Network-wide effects of pallidal deep brain stimulation normalised abnormal cerebellar cortical activity in the dystonic animal model.

Background: Deep brain stimulation (DBS) targeting globus pallidus internus (GPi) is a recognised therapy for drug-refractory dystonia. However, the mechanisms underlying this effect are not fully understood. This study explores how pallidal DBS alters spatiotemporal pattern formation of neuronal dynamics within the cerebellar cortex in a dystonic animal model, the dt^sz hamster.

Methods: We conducted in vitro analysis using a high-density microelectrode array (HD-MEA) in the cerebellar cortex. For investigating the spatiotemporal pattern, mean firing rates (MFR), interspike intervals (ISI), spike amplitudes, and cerebellar connectivity among healthy control hamsters, dystonic dt^sz hamsters, DBS- and sham-DBS-treated dt^sz hamsters were analysed. A nonlinear data-driven method characterised the low-dimensional representation of the patterns in MEA data.

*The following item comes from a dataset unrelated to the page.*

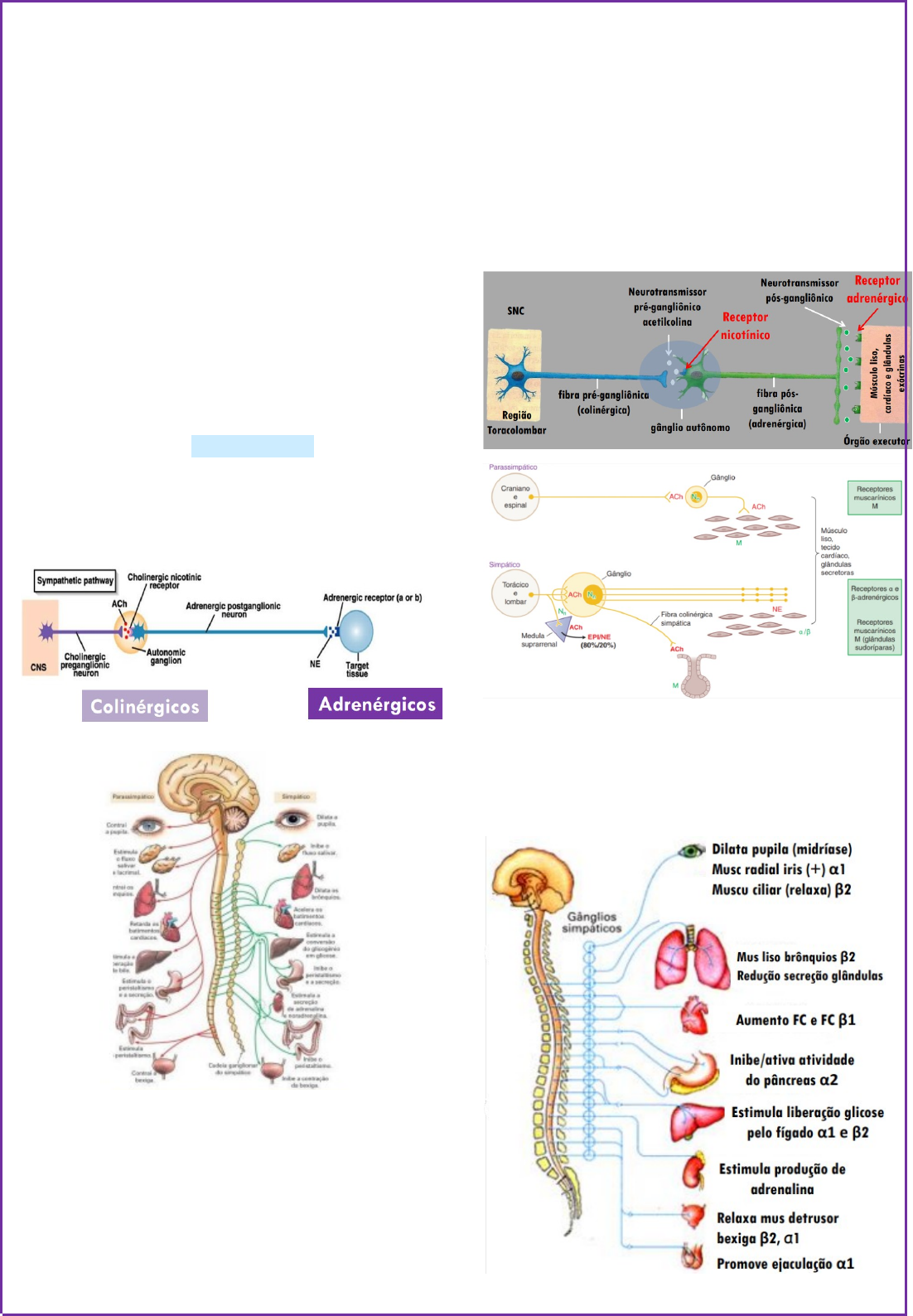 Farmacologia do Sistema Nervoso Autônomo Simpático → As funções do SNA Simpático são ativadas em situações de estresse, perigo, medo, ansiedade, frio e exercícios. → “Luta e fuga” NEURÔNIOS EFERENTES • Fibras pré-ganglionares originam na T1 até a L2 ou L3 (sistema toracolombar) • Gânglios (conjunto de corpos de neurônios da fibra pós-ganglionar) encontram-se na cadeia simpática - gânglios paravertebrais, gânglios pré-vertebrais e terminais → Envia a informação do SNC para o sistema periférico AÇÕES DO SNA SIMPÁTICO SÍNTESE, ARMAZENAMENTO E LIBERAÇÃO DE CATECOLAMINAS RECAPTAÇÃO DE CATECOLAMINAS• 75 - 90 % NA reciclada • TNA simporte: NA é recaptada para o citoplasma • TVMA: NA volta para vesículas • MAO: enzimas mitocondriais • MAO-A: NE, E, dopamina, serotonina • MAO-B: NE, E, dopamina, serotonina • COMT SÍNTESE, ARMAZENAMENTO E LIBERAÇÃO NORADRENÉRGICA MEDULA ADRENAL → Interior das glândulas adrenais, na superfície superior dos rins → Produz principalmente adrenalina (80%) e manda diretamente na corrente sanguínea → Células cromafins: neuroendócrinas pós-sinápticas RECEPTORES ADRENÉRGICOS SINAPSE ADRENÉRGICA TIPOS DE RECEPTORES ADRENÉRGICOS RECEPTORES ADRENÉRGICOS IIIIIIIIII TIPO α1 (Gq) RECEPTORES ADRENÉRGICOS IIIIIIII TIPO α2 (Gi/G0) • Desfosforilação de canais de cálcio (inativa canais de cálcio) • Ativação de canais de K+ RECEPTORES ADRENÉRGICOS IIIIIIII TIPO β (Gs) β1 β2 • Ativação PKA → inativa quinase de cadeia leve de miosina – relaxamento FÁRMACOS QUE ATUAM NO IIIIII SNA SIMPÁTICO SIMPATOMIMÉTICOS → Mimetizam os efeitos da noradrenalina/ adrenalina ligando-se diretamente nos receptores adrenérgicos • ADRENALINA (α1, α2, β1 e β2) • NORADRENALINA (α1, α2, β1) • ISOPROTERENOL (β1 e β2) 1. ADRENALINA (agonista não seletivo) APLICAÇÕES CLÍNICAS • Asma - tratamento de emergência (β2) • Choque anafilático (β2) • Parada cardíaca (β1) EFEITOS ADVERSOS • Taquicardia, arritmias • Elevação da PA, agitação, tremores • Hiperglicemia 2. NORADRENALINA (agonista não seletivo) APLICAÇÕES CLÍNICAS • Muito limitada (uso restrito hospitalar) • Administração IV no choque EFEITOS ADVERSOS • Taquicardia, hipertensão, hiperglicemia 3. ISOPRENALINA (agonista β-não seletivo) APLICAÇÕES CLÍNICAS • Não é muito utilizado na asma • Bloqueio cardíaco (em emergências ↑FC) EFEITOS ADVERSOS • Taquicardia, palpitações, rubor, cefaleia → Mimetizam os efeitos da noradrenalina/ adrenalina ligando-se diretamente nos receptores adrenérgicos • DOBUTAMINA (β1) • SALBUTAMOL (β2) • FENILEFRINA (α1) • CLONIDINA (α2) 4. DOBUTAMINA (agonista β1-seletivo) APLICAÇÕES CLÍNICAS • Bradicardia • Parada ou insuficiência cardíaca • Tratamento tem curta duração EFEITOS ADVERSOS • Altas [ ]: arritmias, IAM 5. SALBUTAMOL, TERBUTALINA E FENOTEROL (agonista β2) APLICAÇÕES CLÍNICAS • Asma (VO, inalação ou IV) • Inibição do parto prematuro (salbutamol) EFEITOS ADVERSOS • Taquicardia, arritmias e tremores 6. FENILEFRINA E NAFAZOLINA (agonista α1-seletivo) APLICAÇÕES CLÍNICAS • Descongestionante nasal EFEITOS ADVERSOS • ↓ oxigenação mucosa nasal 7. CLONIDINA (agonista α2-seletivo) APLICAÇÕES CLÍNICAS • Anti-hipertensivo → Potencializam a transmissão adrenérgica, aumentando a liberação de noradrenalina das vesículas e ativam receptores adrenérgicos • Efedrina • Pseudoefedrina 1. EFEDRINA (aumenta a liberação NA) APLICAÇÕES CLÍNICAS • Tratamento da asma • Descongestionante nasal EFEITOS ADVERSOS • Taquicardia, arritmias • Aumento da PA image7.png image8.png image9.png image10.png image11.png image12.png image13.png image14.png image15.png image16.png image17.png image18.png image19.png image20.png image21.png image22.png image23.png image24.png image25.png image26.png image27.png image28.png image29.png image30.png image31.png image32.png image1.png image2.png image3.png image4.png image5.png image6.png

Results: Our HD-MEA recordings revealed reduced MFR and spike amplitudes in the dt^sz hamsters compared to healthy controls. Pallidal DBS induced network-wide effects, normalising MFR, spike amplitudes, and connectivity measures in hamsters, thereby countervailing these electrophysiological abnormalities. Additionally, network analysis showed neural activity patterns organised into communities, with higher connectivity in both healthy and DBS groups compared to dt^sz.

Conclusions: These findings suggest that pallidal DBS exerts some of its therapeutic effects on dystonia by normalising neuronal activity within the cerebellar cortex. Our findings of reduced MFR and spike amplitudes in the dt^sz hamsters could be a hint of a decrease in neuronal fibres and synaptic plasticity. Treatment with pallidal DBS led to cerebellar cortical activity similar to healthy controls, displaying the network-wide impact of local stimulation.